Loop — Sonancy | The Quietus

Loop

Sonancy

It's been thirty-two years since the last Loop record. The new one may well be their best yet, finds Julian Marszalek

The nosebleed end of tQ’s demographic will recall a time when five years spent between albums would mean a career reboot and a total re-acquaintance with an artist’s oeuvre. More often than not, the whole process would resemble that awkward moment when you’d bump into someone from your dim and distant past and try to decide whether you’d liked them or not in the first place, let alone head down the pub to find out. But thirty-two years between albums? That’s some gap that Loop have got to fill, right? And to think that Tool fans consider themselves to be long-suffering…

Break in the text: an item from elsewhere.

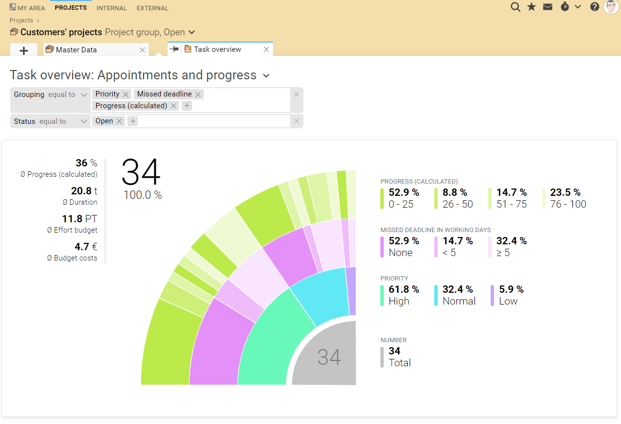 Si los proyectos de su organización constan de un gran número de tareas, no siempre es fácil registrar de un vistazo el progreso técnico de las tareas a lo largo de todo el proyecto. Para poder registrar el progreso del proyecto en varias dimensiones de forma simultánea y clara y evaluarlo con respecto a varios ratios, Projektron BCS ofrece un diagrama de sunburst de tareas como gráfico interactivo con las correspondientes opciones de agrupación.

And yet for all that, it’s not a sense of relief that greets Sonancy, Loop’s first full-length release since 1990’s magnificent A Guilded Eternity, but the gradual realisation that the band have delivered what is quite probably the high watermark of their career. There exists a tendency to equate that “their” with lynchpin and founder Robert Hampson. But as much as Sonancy may well be driven by his vision, it’s a stunning team effort that delivers this collection into the centre of your brain and beyond.

At first glance, Sonancy is an album that couldn’t be made by anybody but Loop. Fuzz guitars? Check! Repetition? Step right this way, sir! A subtle garnish of ambient sounds to stretch out the sound and experience? Ambassador, you are really spoiling us! But hold it right there because dig that little bit deeper and that’s where you’ll find the real truffles: what we’re talking about here is precision.

This, in part, is thanks to the watertight rhythm section of drummer Wayne Maskel and bassist Hugo Morgan. Already embedded in Loop’s line-up for the last seven years, their relationship was forged in the onslaught of Bristol’s psychedelic overlords The Heads and their near-telepathic locking in on the groove is at the root of Loop’s recorded resurrection. Witness the bounce of the bass as it moves in time with the skittering of the drums on ‘Halo’, a move that conspires to aim for the hips as much as it does the head. You feel the roll as much as the rock.

With less decay and bleed coming from the guitars, Sonancy benefits from a greater degree of separation in its instrumentation. Consequently, every track gets to breath. There’s little stifling claustrophobia at play here and much like the psychedelic experience, the music reaches and stretches out for a greater truth and space.

The layers of fuzz guitar add to the joy. Scything through with crispness and precision, the six string interplay is brought into sharp focus on the breathtaking ‘Fermion’ as one fuzz guitar piles on to the other before stepping back once again as the rhythm section grooves inexorably on. As the last slices of ‘Aurora’ give way to ambient soothing, the desire to head back to the beginning again and again is testament to Sonancy’s magnificence. A welcome return and then some.